TALKING BIZ NEWS EXCLUSIVE
Emily Thornton, a former editor at BusinessWeek who joined the Bloomberg finance team at the end of last year to cover private equity when the magazine was acquired by the news service, has now left the company.
Thornton resigned on Wednesday. Within two hours, the Bloomberg terminal said she was no longer with the company.
Before joining the wire, Thornton was a senior writer for the magazine. Previously, she was an associate editor, investment banking editor, and Tokyo correspondent. Before BusinessWeek, she was a correspondent for the Far Eastern Economic Review based in Hong Kong. Prior to that, she was a Tokyo correspondent for Fortune. A Loeb Award and Business Journalist of the Year finalist, she has twice won awards for feature writing from the American Society of Business Publication Editors.

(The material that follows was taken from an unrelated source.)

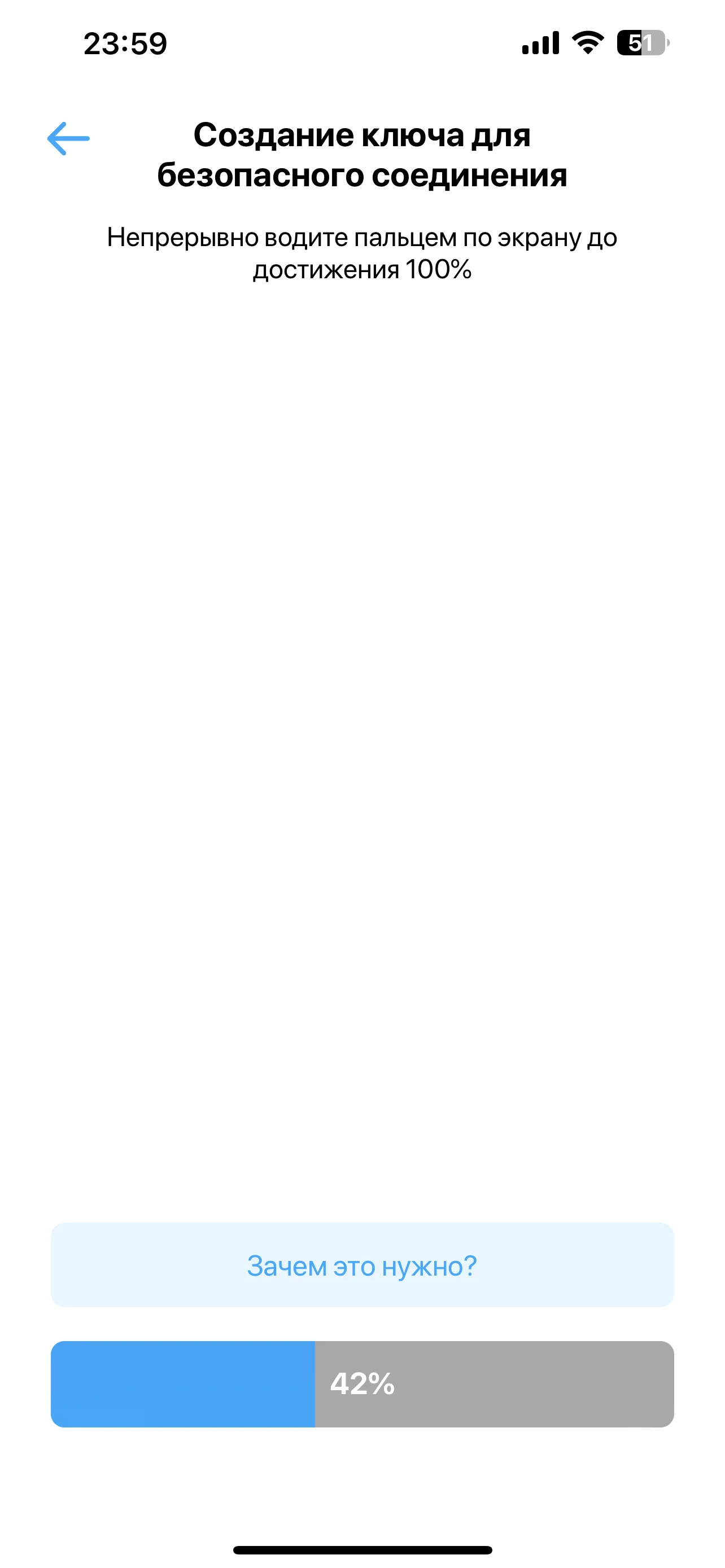 Повторное перемещение пальца по экрану создает случайное число, которое будет зашифровано. Это обезопасит ваш приватный ключ от доступа к нему извне и от компрометации электронной подписи.

In an e-mail to friends and former co-workers, Thornton wrote, “Later this month, I’m becoming the Director of Research in the corporate risk division of Oliver Wyman, a consulting firm that competes with the likes of McKinsey and BCG. As such, I’ll direct, write and edit research concerning issues of risk to corporations (some financial services), non profits, and countries. I’ll also oversee research projects this division does with groups like the OECD and be part of their work involving developing Sub-Saharan Africa-something I never would have imagined myself having an opportunity to be involved in during my career.

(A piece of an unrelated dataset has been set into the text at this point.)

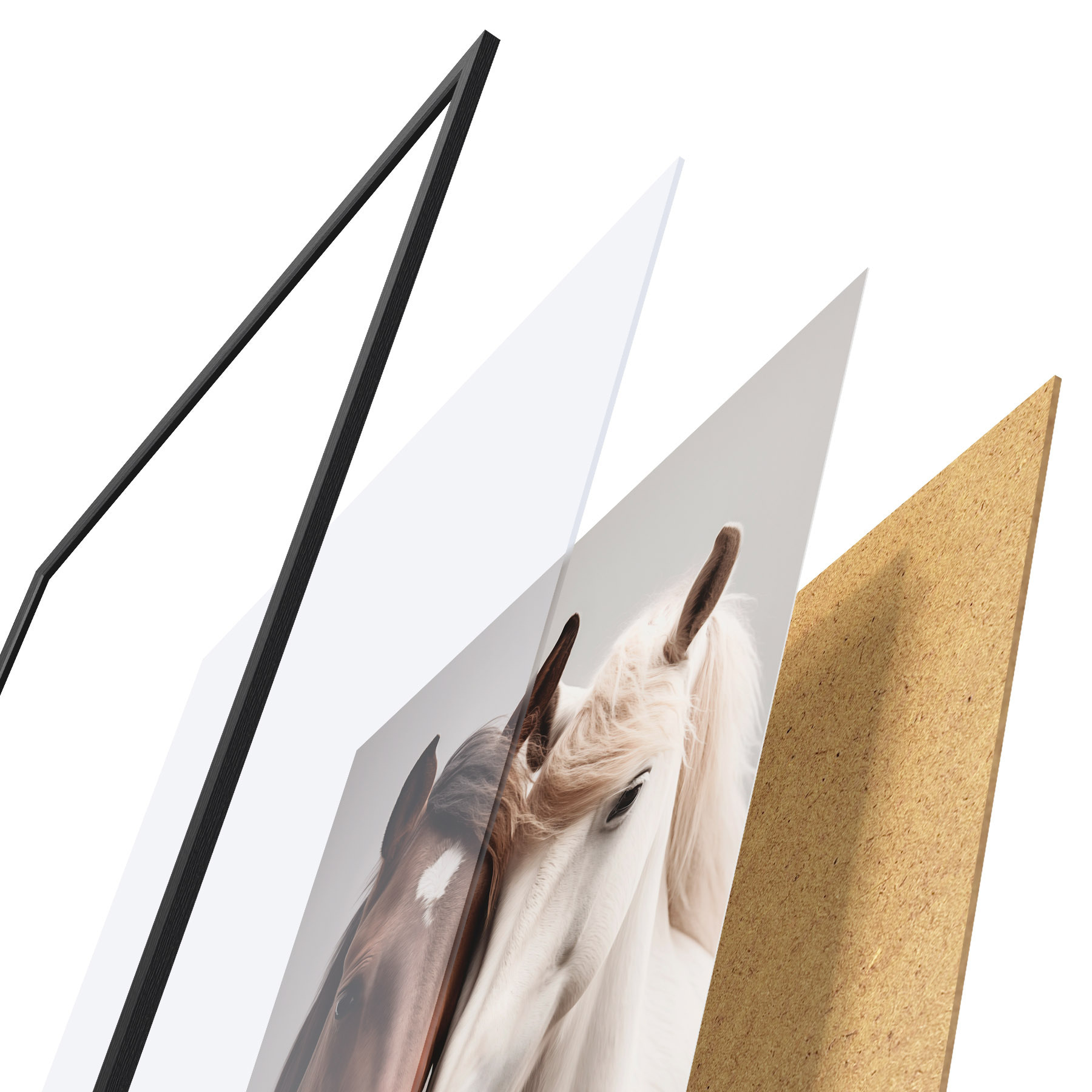 Plakatą sudaro rėmas, pleksiklas, atspausdintas vaizdas ir medžio drožlių plokštės pagrindas. Plakatą galima iš karto pakabinti ant sienos dėl kitoje pusėje esančių laikiklių.

“It has been my great pleasure and privilege to have worked with so many talented people at BusinessWeek over the past 13 years. Please stay in touch and let me know if I can ever be of assistance! Oliver Wyman’s corporate risk practice specializes in advising clients on how to identify, and manage, a very wide range of potential risks to their businesses including stubbornly high unemployment, climate change, volatile commodity prices, and a slower growing China.”
Oliver Wyman has hired a handful of business journalists recently. It hired Peter Edmonston, who helped to create the Dealbook with Andrew Ross Sorkin and served as its editor for three years, from the New York Times. It has also hired Eileen Roche, who was an editor at Harvard Business Review for close to 10 years, and Patrick Clinton, who was editor in chief of Pharmaceutical Executive and editor in chief of the sister publication of Lingua Franca called University Business.